On July 17, 2025, NextNav submitted a comprehensive supplemental economic analysis by The Brattle Group to the Federal Communications Commission, directly addressing a previously filed and fundamentally flawed report underwritten by E-ZPass, the International Bridge, Tunnel & Turnpike Association, and Neology.
 
The Brattle Group’s review of the submission found that the benefits of optimizing the Lower 900 MHz band to enable new high-value uses—including GPS backup and 5G services—clearly outweigh any costs. The Brattle Group specifically concluded that the cost to unlicensed devices should be approximately zero, and that retuning costs to licensed tolling users should be minimal, and include zero cost for toll transponders. The full filing is available here.
 
Along with the filing, NextNav released the following statement from Renee Gregory, Vice President of Regulatory Affairs:
 
This is the second comprehensive supplemental report we have filed this month, demonstrating our focus on ensuring that facts and rigorous technical and economic analyses guide this proceeding. Unfortunately, the same cannot be said of our opponents.
 
The economic filing underwritten by tolling interests should be set aside from any serious consideration due to extreme, worst-case assumptions not supported by technical evidence and inconsistent with NextNav’s proposal.

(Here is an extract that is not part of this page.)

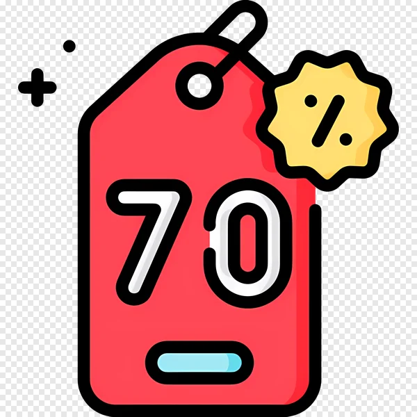 Download this vibrant and eye-catching 70% off discount price tag PNG icon for free! Perfect for announcing huge sales, special promotions, and irresistible deals. This high-quality vector graphic features bold '70' text in white with a black outline, a prominent red tag, and a dynamic yellow percentage starburst, making it ideal for e-commerce websites, marketing materials, social media posts, and advertising banners. Get your audience excited about your 70 percent discount today with this transparent PNG, ready for instant use in any project! Boost your campaigns with this free, professional asset.

Its cost estimates are fatally flawed, including erroneously presuming that both licensed and unlicensed users would need to either dramatically alter or discontinue their operations in the lower 900 MHz band. Those assertions are contrary to NexNav’s technical studies, which show that 5G operations will not cause unacceptable levels of interference to unlicensed devices, and to the reality that tolling operations can also continue to operate in the band with minimal disruption or cost. At NextNav, we’re serious about solving an urgent national security problem, and we will continue to do the hard work necessary to support the FCC’s sound, fact-based, engineering-driven decision-making process.